Auch für die Fortbewegung werdet ihr nochmal ein bisschen Geld in die Hand nehmen müssen. Denn Laufen scheint in Dubai erstens nicht „en vogue“ zu sein und zweitens ist die Stadt mancherorts überhaupt nicht für Fußgänger ausgelegt. Gehwege? Fehlanzeige! Die Metro ist die günstigste Option, um von A nach B zu kommen, auch wir haben sie das eine oder andere Mal genutzt. Viele Hotspots lassen sich (ggf. mit einmal Umsteigen) ganz gut erreichen, allerdings deckt das Schienennetz noch längst nicht das ganze Stadtgebiet ab. Hier ist das Taxi deutlich im Vorteil: fährt, wann man will – wohin man will. Ist dafür aber natürlich auch deutlich teurer und war für uns nur besonderer Luxus auf dem Weg vom Flughafen zum Hotel. Eine gute Kompromisslösung bietet Big Bus Dubai, zu dessen Hop-on-Hop-off-Angebot es noch einen separaten Blogpost geben wird. Bevor ihr jetzt gleich die Augen verdreht: Wir sind eigentlich auch keine Fans von diesen Touribussen, aber in Dubai sind sie eine echte Alternative!

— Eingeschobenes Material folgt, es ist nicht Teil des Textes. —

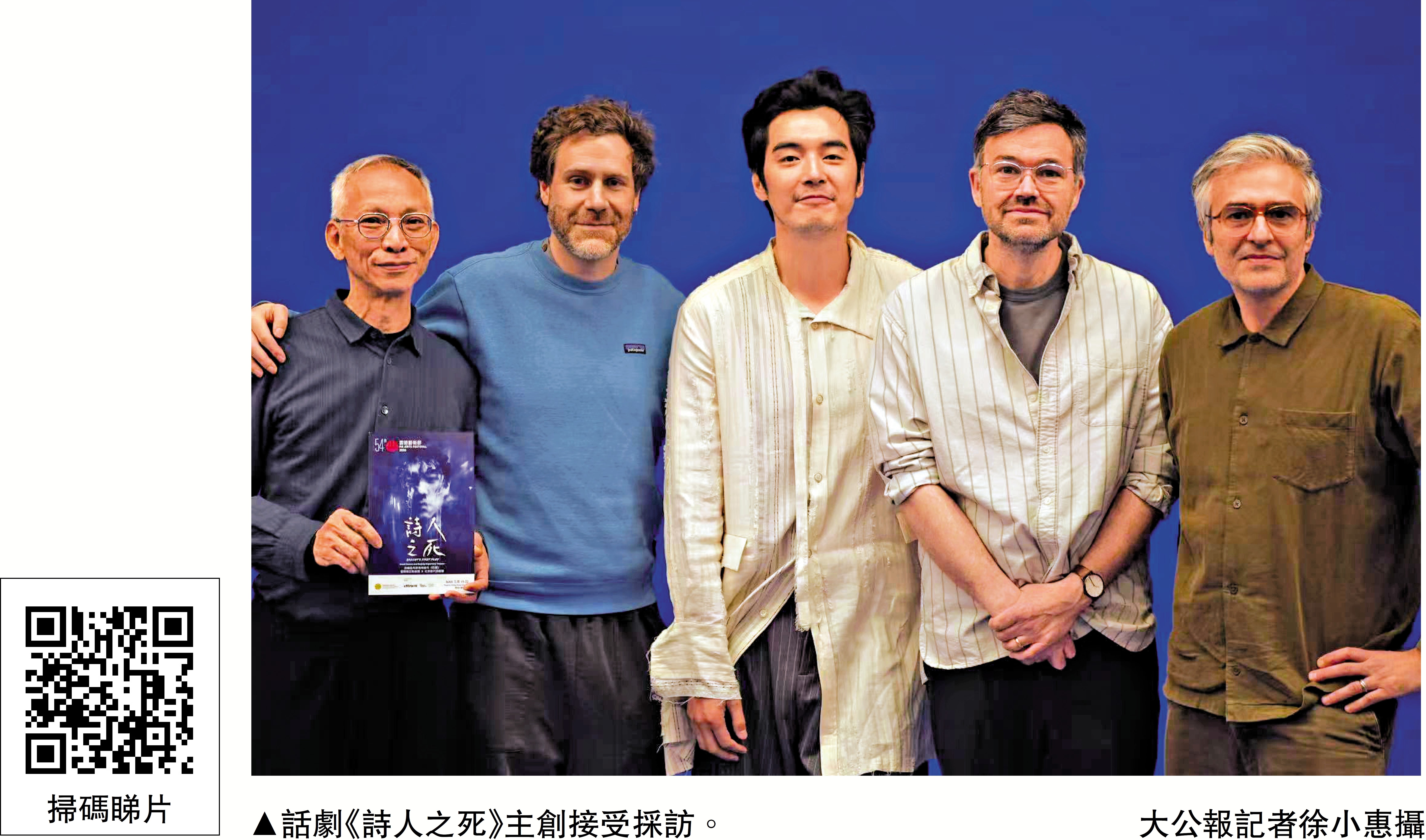由香港藝術節委約及與北京當代話劇團、抱風嶼及荷蘭藝術節聯合製作的話劇《詩人之死》將在今年3月於香港藝術節首演。這部話劇基於德國劇作家布萊希特的第一部戲劇作品《巴爾》創作而成,該劇主演金世佳、導演及改編Ben Kidd和Bush Moukarzel、多媒體設計Sebastien Dupouey日前在北京接受香港媒體採訪。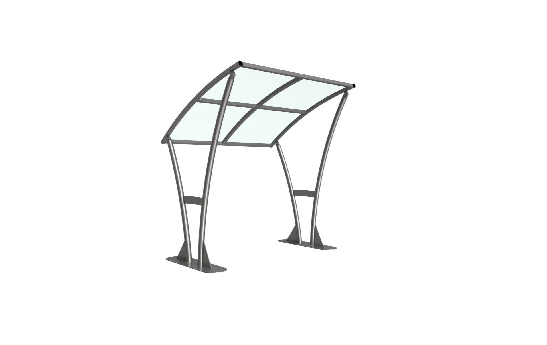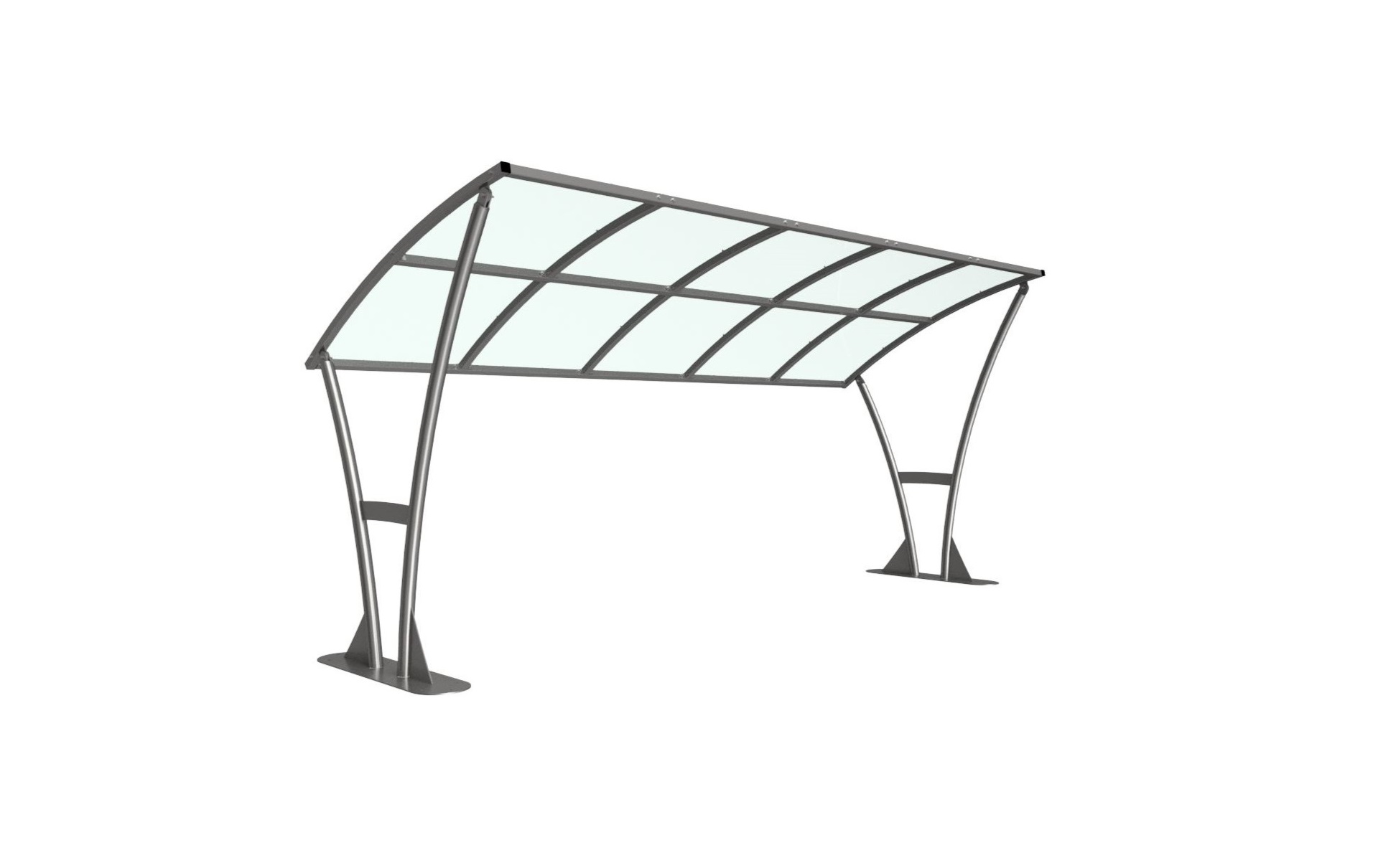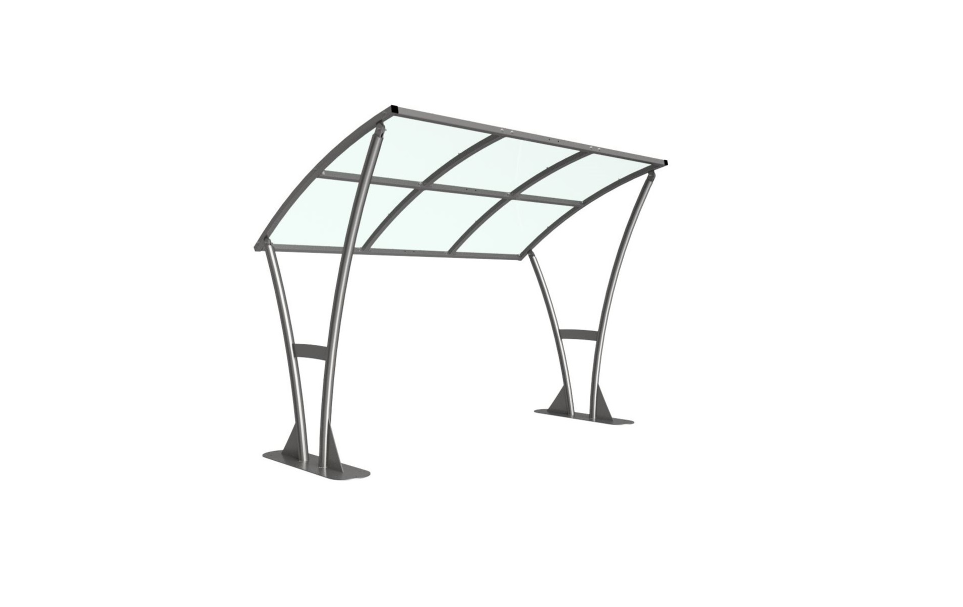 The Newton shelter is a free-standing, open sided shelter designed for on site assembly, constructed from galvanised mild steel. Complete with a 4mm PETG clear sheet curved roof.

Und das Wetter? Wir wollten Sonnenschein und sommerliche Temperaturen. Beides bekamen wir – und zwar nicht zu knapp! 40 Grad im November, das muss man erstmal wegstecken können. Wir haben zwischendurch ganz schön geschwitzt. Besonders mittags, wenn die Sonne gnadenlos vom Himmel brannte, waren wir froh über jede Klimaanlage, jeden Luftzug und jedes schattige Plätzchen. Kaum vorstellbar, dass es Leute gibt, die freiwillig (!) im Sommer herkommen. 55 Grad sind da nämlich keine Seltenheit. Aber wir wollen uns nicht beklagen. Denn Dubai war insgesamt die perfekte Auszeit vom grauen, kalten Herbstwetter! Jedem, der noch zögert, empfehlen wir dringend: Schaut euch den Wahnsinn mit eigenen Augen an – auch wenn es wirklich nur im Rahmen eines kurzen Stopp-overs ist.